用途:住居
構造:木造
竣工:2024
計画地は間口が狭く細長い形状であり、二方向の道路に面している.
一方で南側は隣地建物が近接しており1階は南側からの自然採光が難しい状況であった.
建主は以前の住まいは居室に光が届きづらい状況であったこともあり、新居は光に満たされた住まいを求められた.
建築構成は1辺800mmの四角形の木造耐力壁を等間隔に配し、1階2階とも柱と耐震壁が連続する、耐震性の高い計画とした。
リズムよく連続配置された四角い柱型は木造ながら、石造りの教会建築にみられるような架構の反復が持つ空間の特徴をつくる.

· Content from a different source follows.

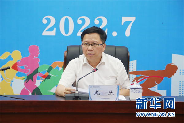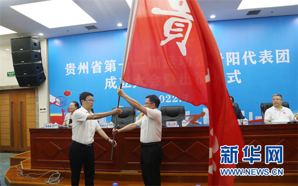 7月25日,龍叢向貴陽代表團授旗。新華網 盧志佳 攝

連続する隣り合った柱型と柱型のあいだが領域をつくっていく.
並ぶ柱型同士が規定する囲われた領域がつくる落ち着きの場と、それらの間隔からむこうにゆるくつながっていく連続感が共存する.
ひとは何かの取っ掛かりがあってそこに場を見いだし、居心地を感じる.
柱型の反復が連続していく構成は、壁に区切られた面積という概念をこえた部屋のひろがりをもたらしていく.
設計にあたって、800mmの柱型による、一枚の壁で区切るでもない、細い柱でもない、中間的なボリュームによる空間の分節と連続の中庸が生む体感と認識を探っていった.

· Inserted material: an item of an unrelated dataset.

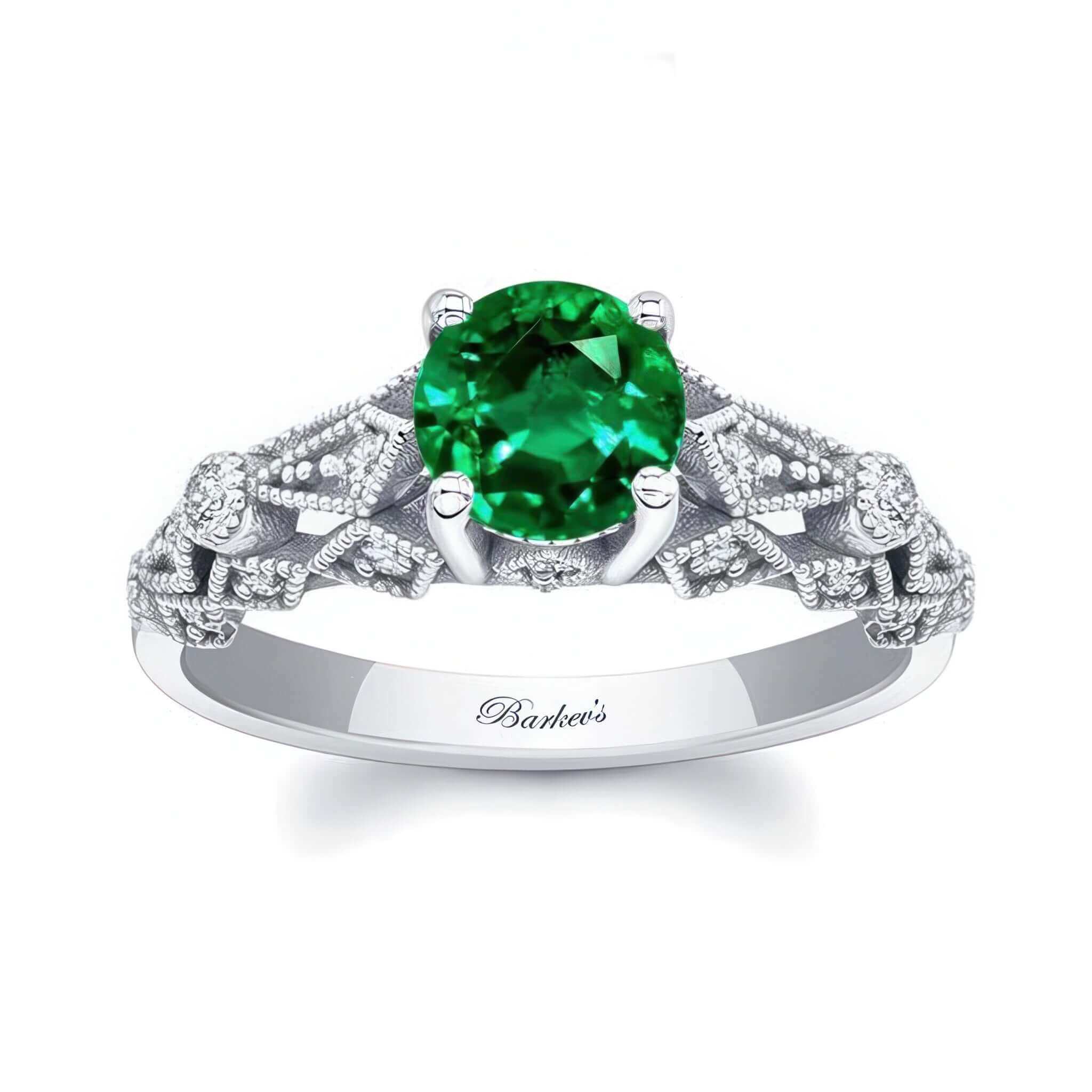 This vintage emerald and diamond ring features a prong set round center with a sprinkle of diamonds set on the intricately detailed shank for a look that's nothing short of stunning.

建築プランは、朝早く日の出とともに仕事に向かわれるご夫婦の生活サイクルを考え、家族が集う居間・食堂・家族クローゼットなどを2階に配置し、一日のはじまりに反復アーチの天井から連続していく東のアーチ窓から毎日の朝日に迎えられる計画とした.
優れた左官技術により仕上げられた室内は、和菓子と洋菓子職人であるご夫婦が日々つくられているお菓子の技術と不思議とシンクロするような空気感になった.